When deciding which books I should bring with me for my Christmas holiday, I couldn't help but to take this treasured novel out of my bookshelf and stuff it in my suitcase. Not because it is particularly "christmassy" in its tone or plot, neither because its plot holds new or unknown surprises, but simply because it is one of those books that never fails to fill me with warmth and a tender tone of homely happiness - which is what Christmas is all about after all.
I clearly remember the first time I read this. I was about twelve years old, and longed to be an angelic creature like Beth. The funny thing about this book is that it is strictly impossible not to try to recognize something in the characters, that resembles oneself. I desperately
wanted to be Beth, even though I never was. I have probably always been Amy, pining for beautiful silk ribbons and a perfect nose. And though she might not seem an ideal or flawless character, she is determined to succeed, which is probably highly admirable as well. This realization dawned upon me when reading this book after many years of neglect.

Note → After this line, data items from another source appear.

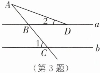 3.(2025·广东深圳福田区期末)如图,直线a//b,射线 AB 分别交直线 a,b 于点 B,C,点 D 在直线 a 上,若∠A= 30°,∠1= 50°,则∠2 的度数为(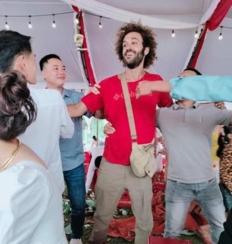 Trong chuyến du lịch của mình vào trưa 12/3, khi đi ngang một đám cưới đang diễn ra tại thôn Bến Tắt (xã Linh Trường, huyện Gio Linh, Quảng Trị), nghe tiếng nhạc rộn ràng trong đám cưới nên 3 chàng trai người nước ngoài không ngần ngại vào tham dự, chung vui.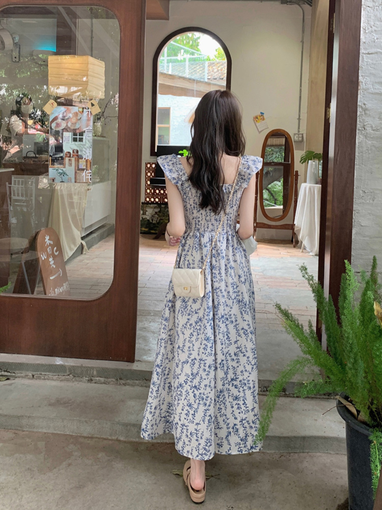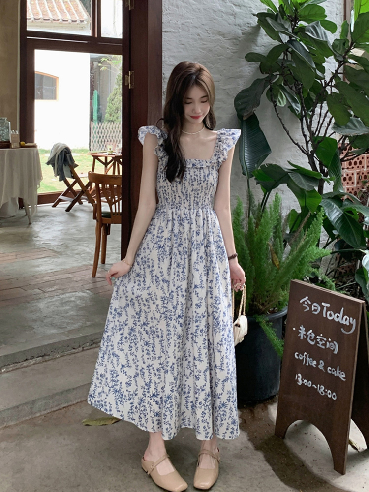 仙女碎花收腰吊带长裙沙滩裙子 新款 茶歇法式 蓝色碎花连衣裙女夏季

Most girls of course want to be Jo; fierce and artistic, the true genius in this story. However she never spoke to me. I loved her dearly for her writing abilities (especially her beautiful poems), but did not like her coarse and harsh ways. But that may just be the Amy-part of me speaking, as the two sisters always were true opposites.

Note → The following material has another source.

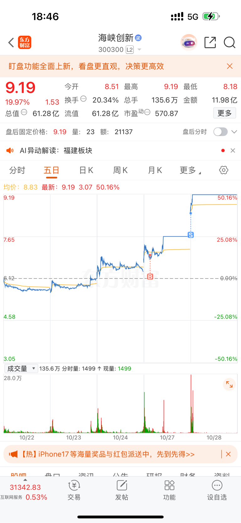$海峡创新(SZ300300)$ 卖飞了,不过两天赚20几个点,也满足了,祝车上的兄弟们继续赚钱

This book possesses so many charms, that it is impossible to account for all of them. The very different sisters create wonderful contrast, and it is delightful to spot their differences and follow their different paths, which might lead them far from each other, but always joins them together again, as true familybonds always do.
This is a book about love, ambitions, sorrow, family and everyday life. It is a book about growing up, and finding yourself. And as you read it you may actually find yourself; in a sensible Meg, a lively Jo, a fragile Beth or an ambitious Amy. This book formed me, and probably influenced me more than I will ever know.
I will always love this book, and remember the twelve-year old me who cried and laughed with these little women. Somehow I'm always a little sad when reading it, as it holds a magic nostalgia, forever causing me to realize that we all have to grow up eventually.